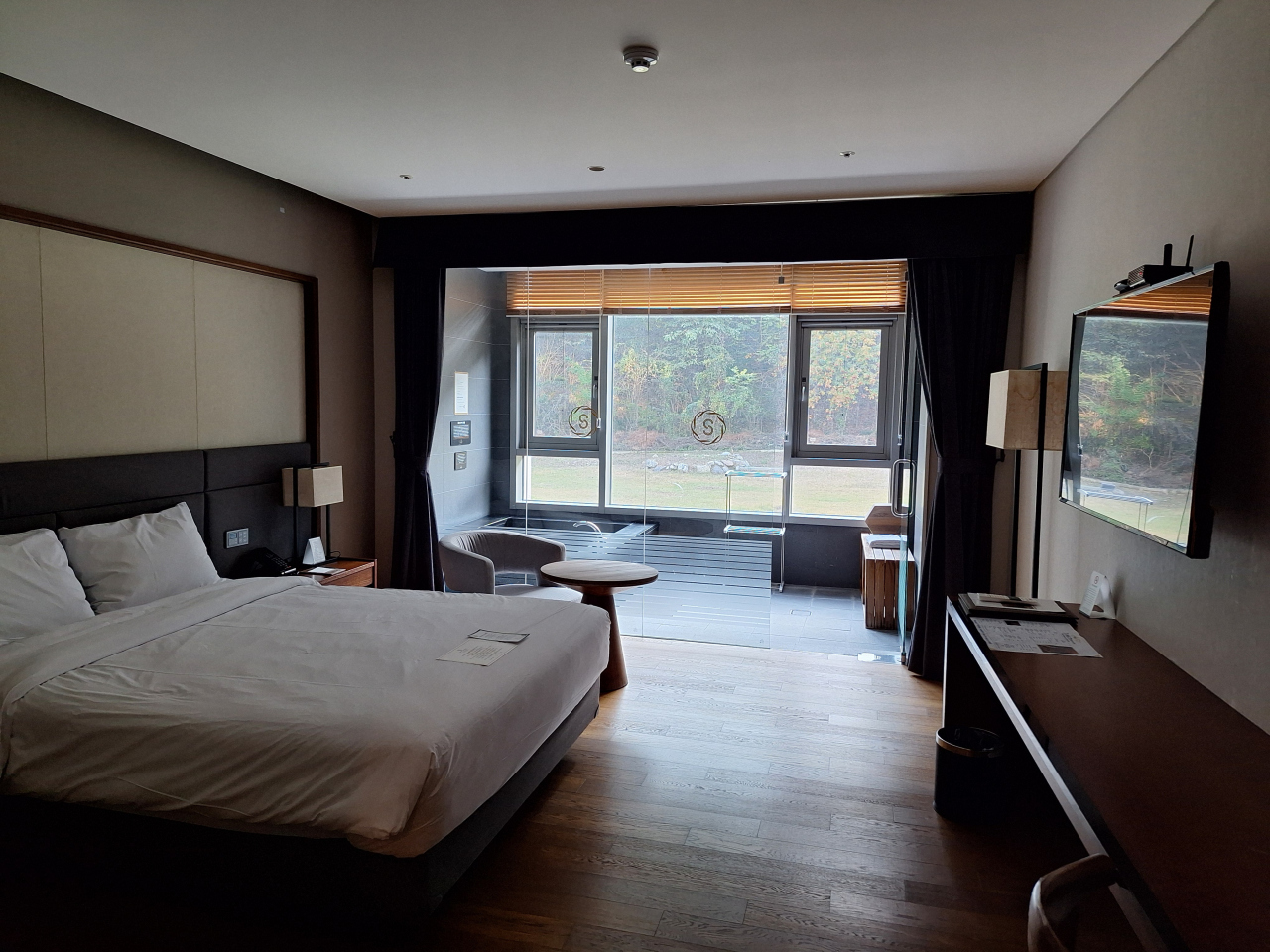 慶州のバスターミナルの隣にある、安宿街の中ではひときわ清潔でおしゃれなミニホテル。朝食付きで、朝食は韓流・洋風混在のビュッフェ。フロントでは変換アダプターの貸し出しもしてくれる。周囲にはコンビニや飲食店も多く、滞在には困らない。
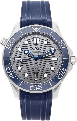 ダイバー300の210.32.42.20.06.001は、ブルーのセラミックベゼルと波の模様がついたグレーの文字盤が特徴です。
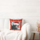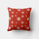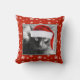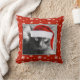 Weihnachtskatze auf rotem Kissen mit Schneeflocken; Spaß-Feiertags-Wurfs-Kissen für irgendeinen Katzenliebhaber! Niedliche schwarze Katze mit Sankt-Kappe, auf einem zusammenpassenden roten Kissen zerstreut mit Schneeflocken
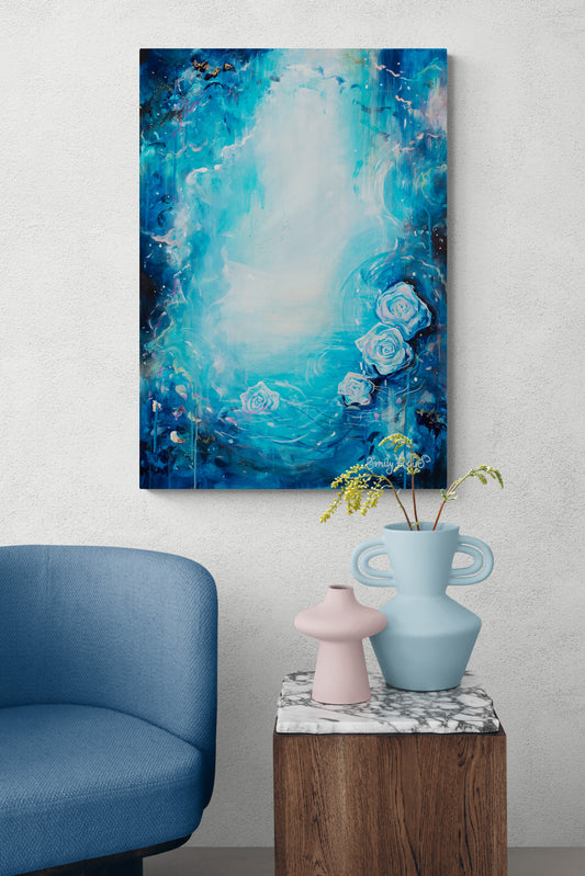 Tender Waters - Original Blue Abstract Rose Painting by Emily Louise Heard
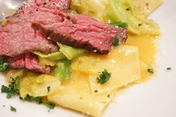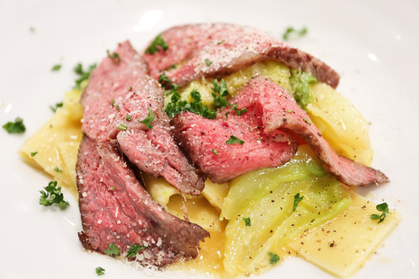 ●春キャベツとローストビーフのパッパルデッレ ローズマリーの香り。
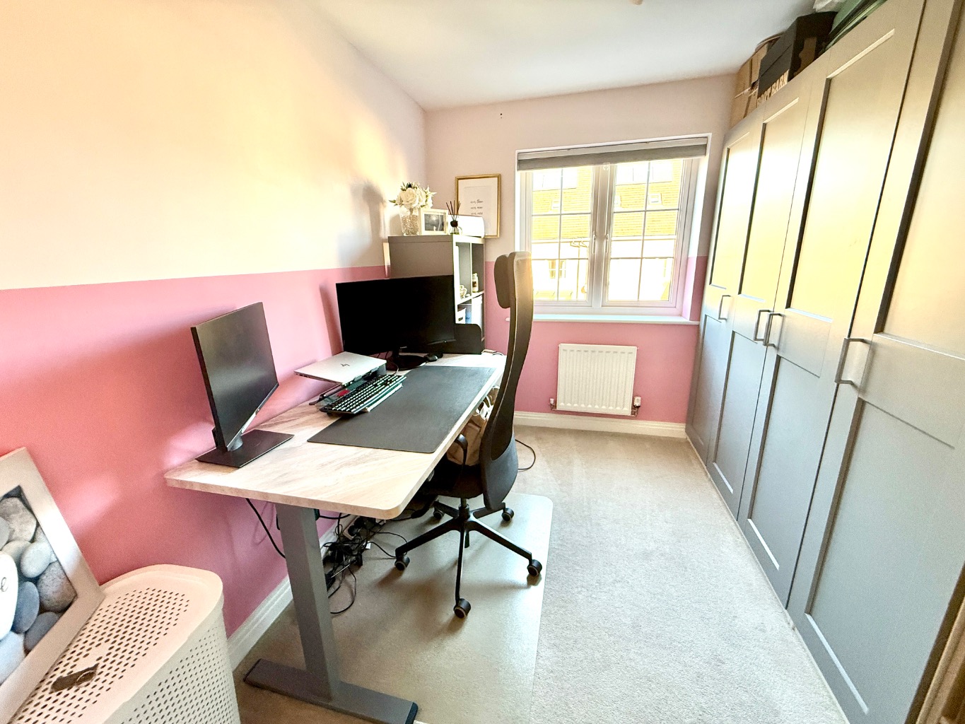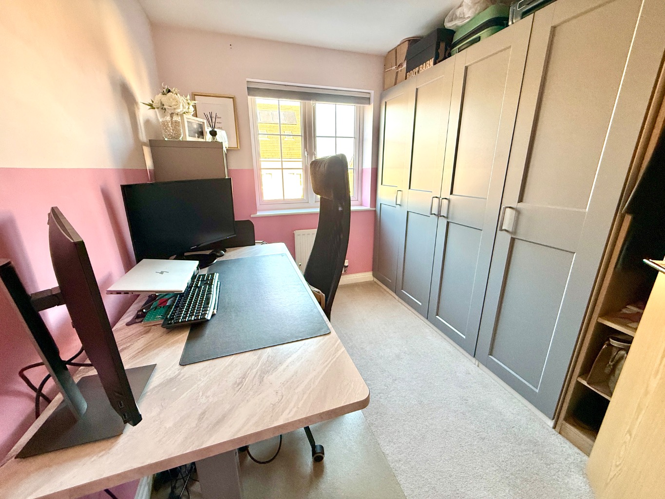 The property is six years old and offers spacious and modern living accommodation. The ground floor comprises of a good sized kitchen, lounge / diner with French doors leading out to the rear garden, a large storage cupboard, and a very useful downstairs WC.
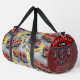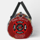 A gray duffle bag is covered in a vibrant pattern of red fire trucks, complete with ladders and fire axes, set against a light-colored ground with yellow splashes. A prominent side pocket, adorned with a red fire department emblem, proudly displays "FIRE RESCUE," "JENNY SAMSMITH," "FIRE DEPARTMENT," and "Vancouver B.C.," creating a personalized and functional item for a firefighter. Personalize with your name and department home town and more. monogram
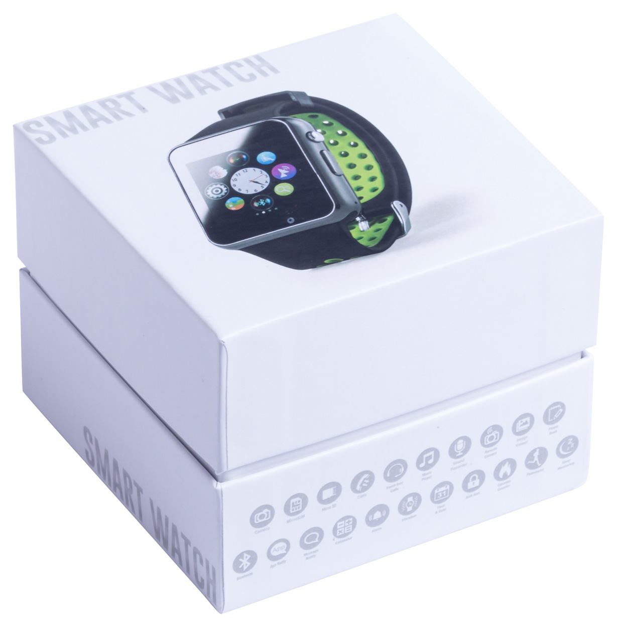 Meertalig, bluetooth smart watch met 1,54 "LCD-scherm, siliconenriem en ingebouwde camera. Inclusief USB-oplaadkabel.
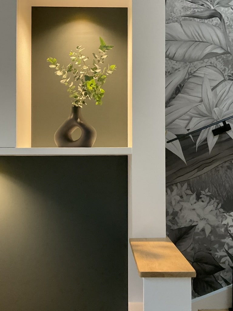 L’ajout stratégique d’un papier peint permet à l’entrée d’être à la fois conviviale et originale accentuant la hauteur sous plafond, réel atout de cette pièce.
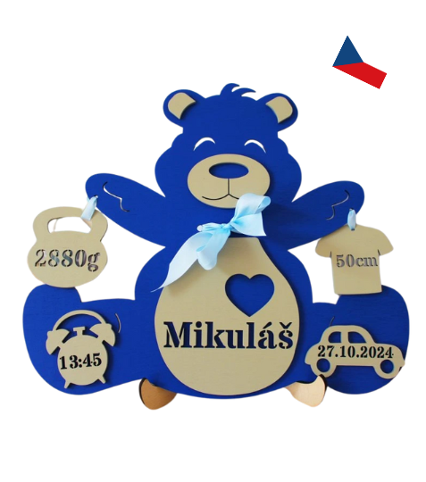JH WoodArt Pamětní dřevěný medvídek – originální dárek pro novorozence Světle modro - BíláSkladem771 Kč/ ks637,19 Kč bez DPH
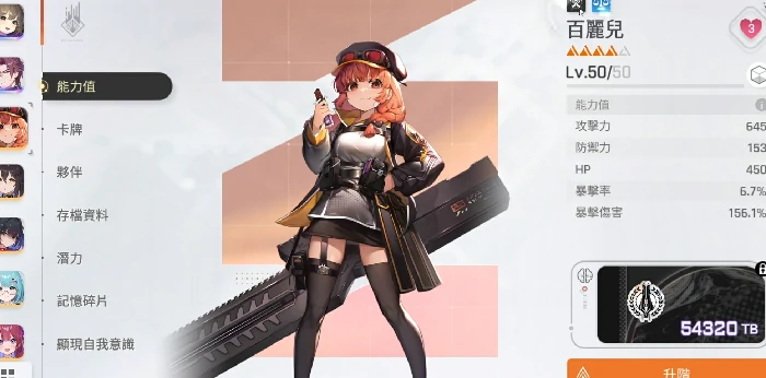 剧情中年轻晋升指挥官,战术素养优秀。战斗中前期叠加增益,后期靠保留、预留机制爆发高额伤害。升级后解锁暴击伤害提升、暴击率增加、特定卡牌强化等效果,进一步增强输出。
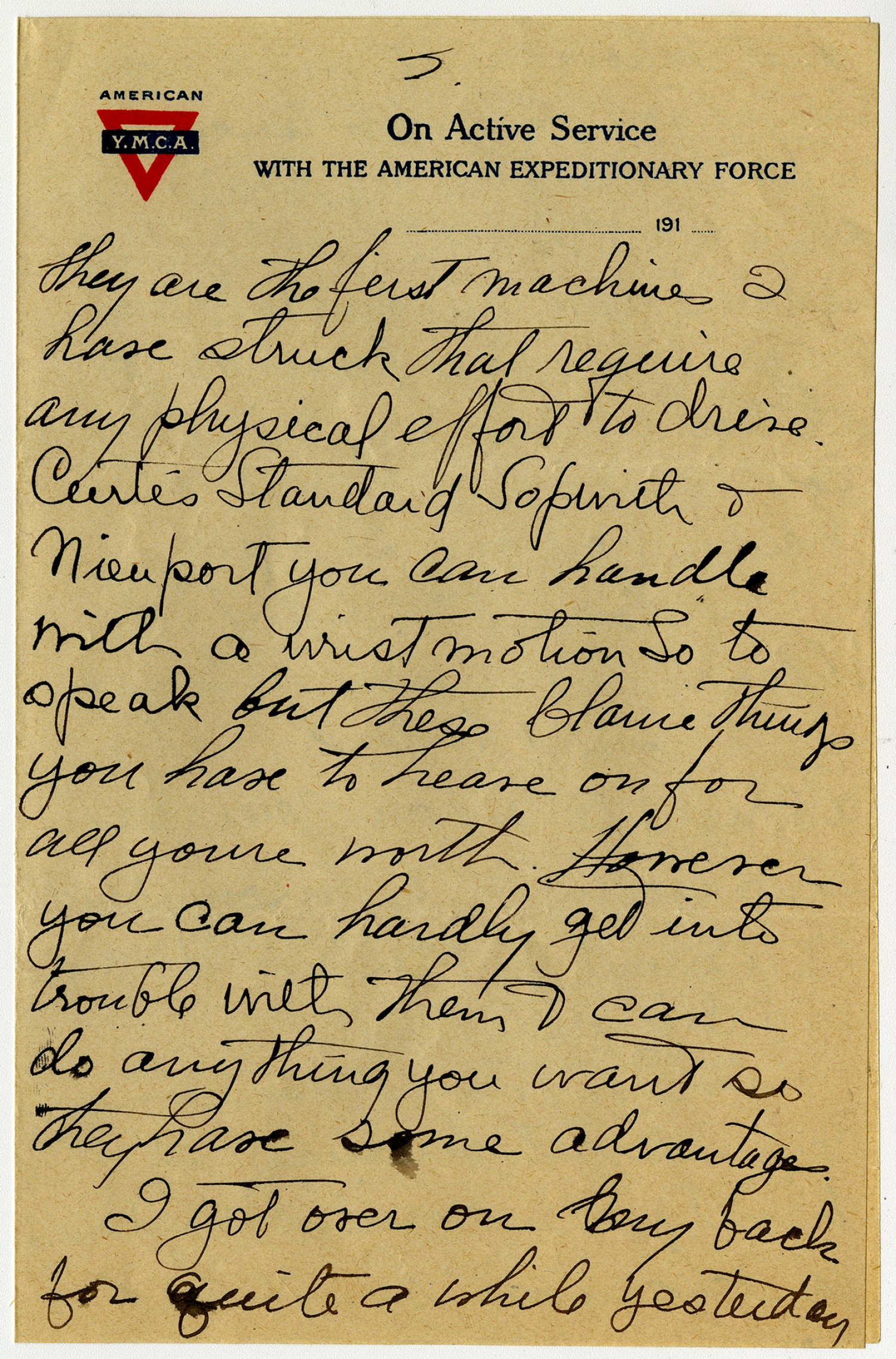 [page 2] [Y.M.C.A. letterhead] they are the first machines I have struck that require any physical effort to drive. Curtis Standard Sopwith & Nieuport you can handle with a wrist motion so to speak but these blame things you have to heave on for all youre worth. However you can hardly get into trouble with them & can do anything you want so they have some advantage. I got over on my back for quite a while yesterday
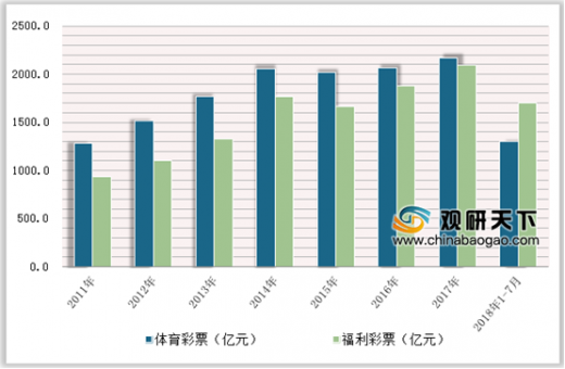 福利彩票和体育彩票发行的初衷是为中国公益事业和体育事业的发展筹集资金,以弥补国家财力不足,所以最初国家对彩票资金的构成比例有着统一的规定,返奖率只有35%,而提取的公益金比例高达50%。2017年,我国福利彩票机构销售2169.77亿元,同比增加104.85亿元,增长5.1%;体育彩票机构销售2096.92亿元,同比增加215.43亿元,增长11.4%。2018年7月,我国累计销售体育彩票1297亿元,福利彩票1701.4亿元。
---+---
What the task requires — A faithful copy is needed: reproduce all of the data above, leaving the pictures out.

Exercise answer —
 慶州のバスターミナルの隣にある、安宿街の中ではひときわ清潔でおしゃれなミニホテル。朝食付きで、朝食は韓流・洋風混在のビュッフェ。フロントでは変換アダプターの貸し出しもしてくれる。周囲にはコンビニや飲食店も多く、滞在には困らない。
 ダイバー300の210.32.42.20.06.001は、ブルーのセラミックベゼルと波の模様がついたグレーの文字盤が特徴です。
 Weihnachtskatze auf rotem Kissen mit Schneeflocken; Spaß-Feiertags-Wurfs-Kissen für irgendeinen Katzenliebhaber! Niedliche schwarze Katze mit Sankt-Kappe, auf einem zusammenpassenden roten Kissen zerstreut mit Schneeflocken
 Tender Waters - Original Blue Abstract Rose Painting by Emily Louise Heard
 ●春キャベツとローストビーフのパッパルデッレ ローズマリーの香り。
 The property is six years old and offers spacious and modern living accommodation. The ground floor comprises of a good sized kitchen, lounge / diner with French doors leading out to the rear garden, a large storage cupboard, and a very useful downstairs WC.
 A gray duffle bag is covered in a vibrant pattern of red fire trucks, complete with ladders and fire axes, set against a light-colored ground with yellow splashes. A prominent side pocket, adorned with a red fire department emblem, proudly displays "FIRE RESCUE," "JENNY SAMSMITH," "FIRE DEPARTMENT," and "Vancouver B.C.," creating a personalized and functional item for a firefighter. Personalize with your name and department home town and more. monogram
 Meertalig, bluetooth smart watch met 1,54 "LCD-scherm, siliconenriem en ingebouwde camera. Inclusief USB-oplaadkabel.
 L’ajout stratégique d’un papier peint permet à l’entrée d’être à la fois conviviale et originale accentuant la hauteur sous plafond, réel atout de cette pièce.
JH WoodArt Pamětní dřevěný medvídek – originální dárek pro novorozence Světle modro - BíláSkladem771 Kč/ ks637,19 Kč bez DPH
 剧情中年轻晋升指挥官,战术素养优秀。战斗中前期叠加增益,后期靠保留、预留机制爆发高额伤害。升级后解锁暴击伤害提升、暴击率增加、特定卡牌强化等效果,进一步增强输出。
 [page 2] [Y.M.C.A. letterhead] they are the first machines I have struck that require any physical effort to drive. Curtis Standard Sopwith & Nieuport you can handle with a wrist motion so to speak but these blame things you have to heave on for all youre worth. However you can hardly get into trouble with them & can do anything you want so they have some advantage. I got over on my back for quite a while yesterday
 福利彩票和体育彩票发行的初衷是为中国公益事业和体育事业的发展筹集资金,以弥补国家财力不足,所以最初国家对彩票资金的构成比例有着统一的规定,返奖率只有35%,而提取的公益金比例高达50%。2017年,我国福利彩票机构销售2169.77亿元,同比增加104.85亿元,增长5.1%;体育彩票机构销售2096.92亿元,同比增加215.43亿元,增长11.4%。2018年7月,我国累计销售体育彩票1297亿元,福利彩票1701.4亿元。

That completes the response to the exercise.